Neural network 2200 may be, or may include, a multi-layer neural network of interconnected nodes. Each node can represent a piece of information. Information associated with the nodes is shared among the different layers and each layer retains information as information is processed. In some cases, neural network 2200 can include a feed-forward network, in which case there are no feedback connections where outputs of the network are fed back into itself. In some cases, neural network 2200 can include a recurrent neural network, which can have loops that allow information to be carried across nodes while reading in input.

Information can be exchanged between nodes through node-to-node interconnections between the various layers. Nodes of input layer 2202 can activate a set of nodes in the first hidden layer 2206a. For example, as shown, each of the input nodes of input layer 2202 is connected to each of the nodes of the first hidden layer 2206a. The nodes of first hidden layer 2206a can transform the information of each input node by applying activation functions to the input node information. The information derived from the transformation can then be passed to and can activate the nodes of the next hidden layer 2206b, which can perform their own designated functions. Example functions include convolutional, up-sampling, data transformation, and/or any other suitable functions. The output of the hidden layer 2206b can then activate nodes of the next hidden layer, and so on. The output of the last hidden layer 2206n can activate one or more nodes of the output layer 2204, at which an output is provided. In some cases, while nodes (e.g., node 2208) in neural network 2200 are shown as having multiple output lines, a node has a single output and all lines shown as being output from a node represent the same output value.

In some cases, each node or interconnection between nodes can have a weight that is a set of parameters derived from the training of neural network 2200. Once neural network 2200 is trained, it can be referred to as a trained neural network, which can be used to perform one or more operations. For example, an interconnection between nodes can represent a piece of information learned about the interconnected nodes. The interconnection can have a tunable numeric weight that can be tuned (e.g., based on a training dataset), allowing neural network 2200 to be adaptive to inputs and able to learn as more and more data is processed.

Neural network 2200 may be pre-trained to process the features from the data in the input layer 2202 using the different hidden layers 2206a, 2206b, through 2206n in order to provide the output through the output layer 2204. In an example in which neural network 2200 is used to identify features in images, neural network 2200 can be trained using training data that includes both images and labels, as described above. For instance, training images can be input into the network, with each training image having a label indicating the features in the images (for the feature-segmentation machine-learning system) or a label indicating classes of an activity in each image. In one example using object classification for illustrative purposes, a training image can include an image of a number 2, in which case the label for the image can be [0 0 1 0 0 0 0 0 0 0].

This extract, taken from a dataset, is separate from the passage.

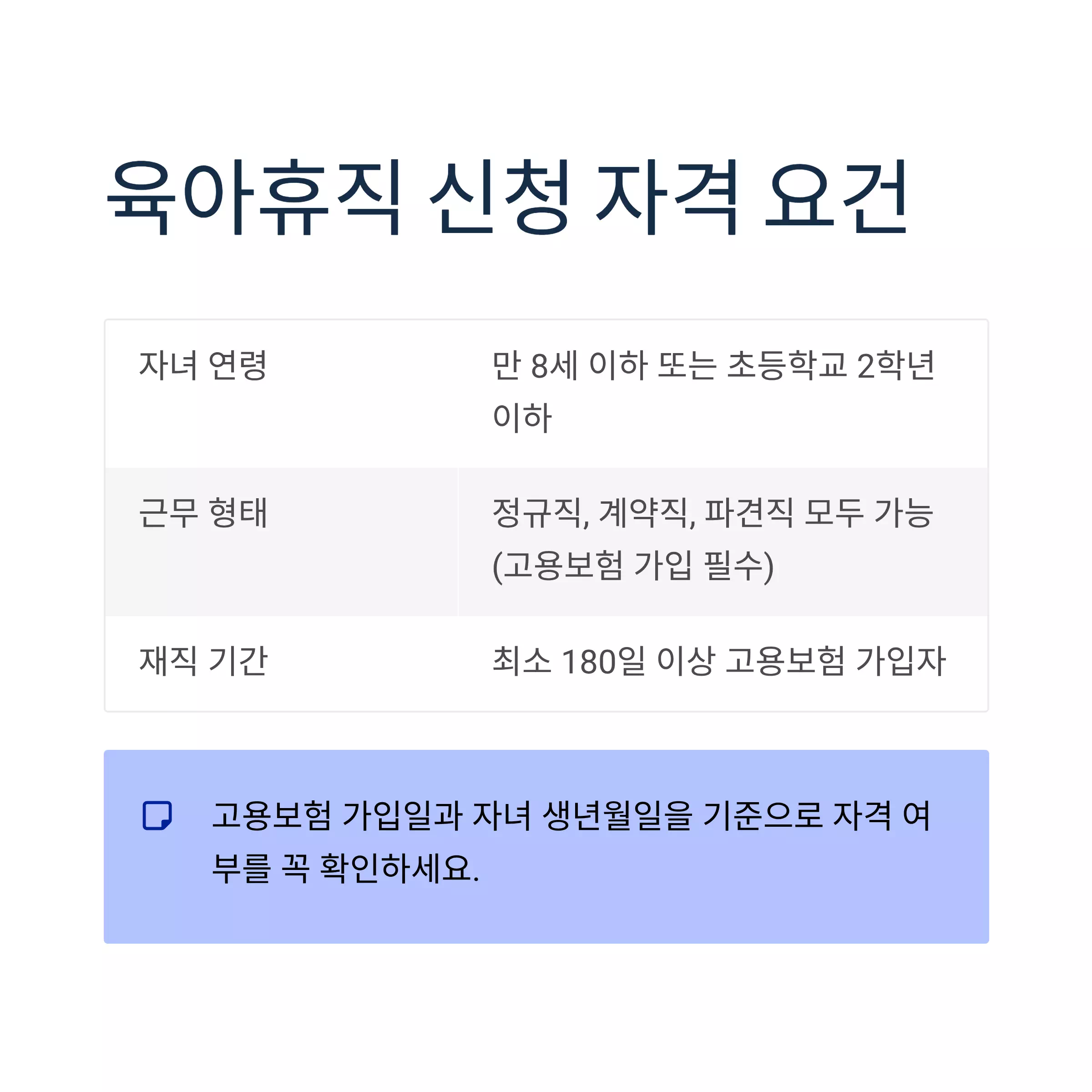 ✔ 고용보험 가입일과 자녀 생년월일을 기준으로 자격 여부를 꼭 확인하세요.

In some cases, neural network 2200 can adjust the weights of the nodes using a training process called backpropagation. As noted above, a backpropagation process can include a forward pass, a loss function, a backward pass, and a weight update. The forward pass, loss function, backward pass, and parameter update are performed for one training iteration. The process can be repeated for a certain number of iterations for each set of training images until neural network 2200 is trained well enough so that the weights of the layers are accurately tuned.

For the example of identifying objects in images, the forward pass can include passing a training image through neural network 2200. The weights are initially randomized before neural network 2200 is trained. As an illustrative example, an image can include an array of numbers representing the pixels of the image. Each number in the array can include a value from 0 to 255 describing the pixel intensity at that position in the array. In one example, the array can include a 28×28×3 array of numbers with 28 rows and 28 columns of pixels and 3 color components (such as red, green, and blue, or luma and two chroma components, or the like).

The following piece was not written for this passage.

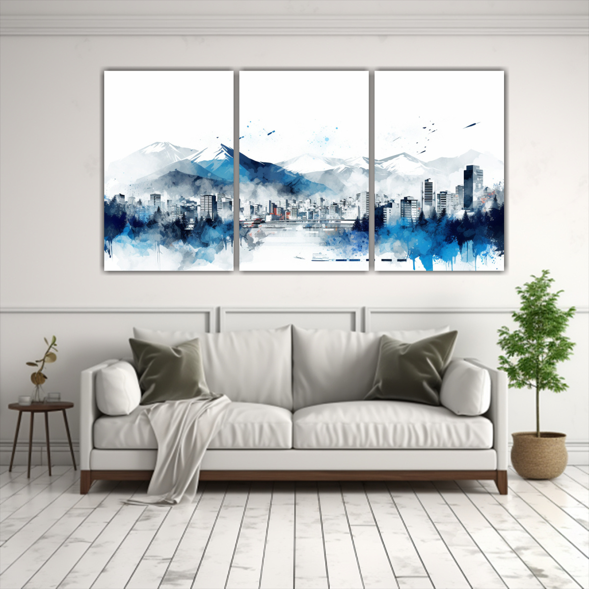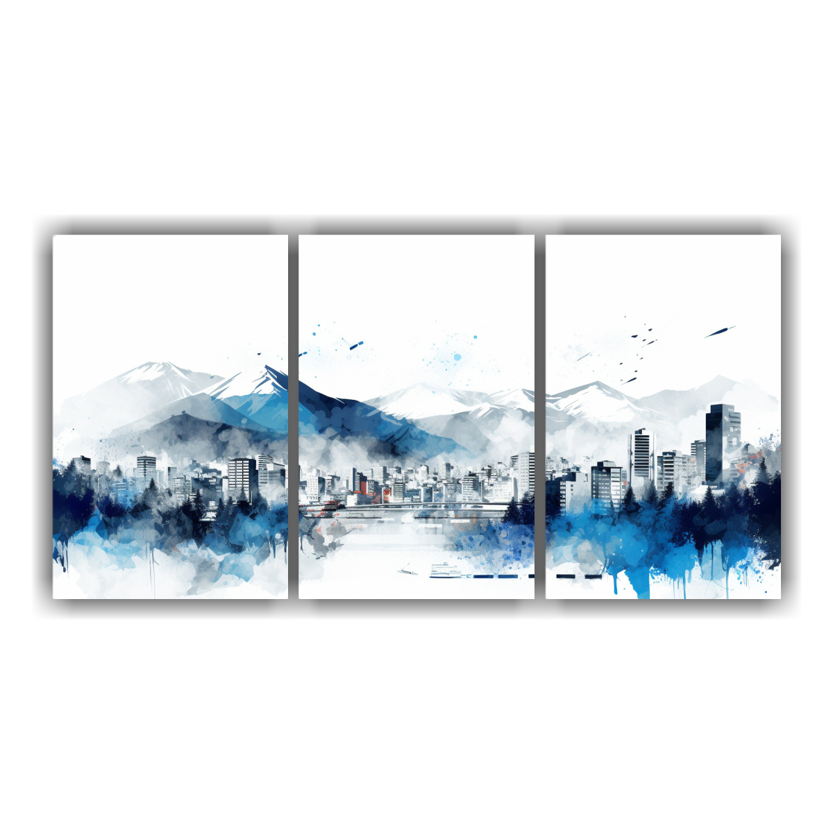 3 Lienzos Tela Baño Santiago Chile Blanco Azul Estilo Neo.

As noted above, for a first training iteration for neural network 2200, the output will likely include values that do not give preference to any particular class due to the weights being randomly selected at initialization. For example, if the output is a vector with probabilities that the object includes different classes, the probability value for each of the different classes can be equal or at least very similar (e.g., for ten possible classes, each class can have a probability value of 0.1). With the initial weights, neural network 2200 is unable to determine low-level features and thus cannot make an accurate determination of what the classification of the object might be. A loss function can be used to analyze error in the output. Any suitable loss function definition can be used, such as a cross-entropy loss. Another example of a loss function includes the mean squared error (MSE), defined as E_total=Σ½ (target−output)². The loss can be set to be equal to the value of E_total.

The loss (or error) will be high for the first training images since the actual values will be much different than the predicted output. The goal of training is to minimize the amount of loss so that the predicted output is the same as the training label. Neural network 2200 can perform a backward pass by determining which inputs (weights) most contributed to the loss of the network and can adjust the weights so that the loss decreases and is eventually minimized. A derivative of the loss with respect to the weights (denoted as dL/dW, where W are the weights at a particular layer) can be computed to determine the weights that contributed most to the loss of the network. After the derivative is computed, a weight update can be performed by updating all the weights of the filters. For example, the weights can be updated so that they change in the opposite direction of the gradient. The weight update can be denoted as w_i=η dL/dW, where w denotes a weight, w_idenotes the initial weight, and n denotes a learning rate. The learning rate can be set to any suitable value, with a high learning rate including larger weight updates and a lower value indicating smaller weight updates.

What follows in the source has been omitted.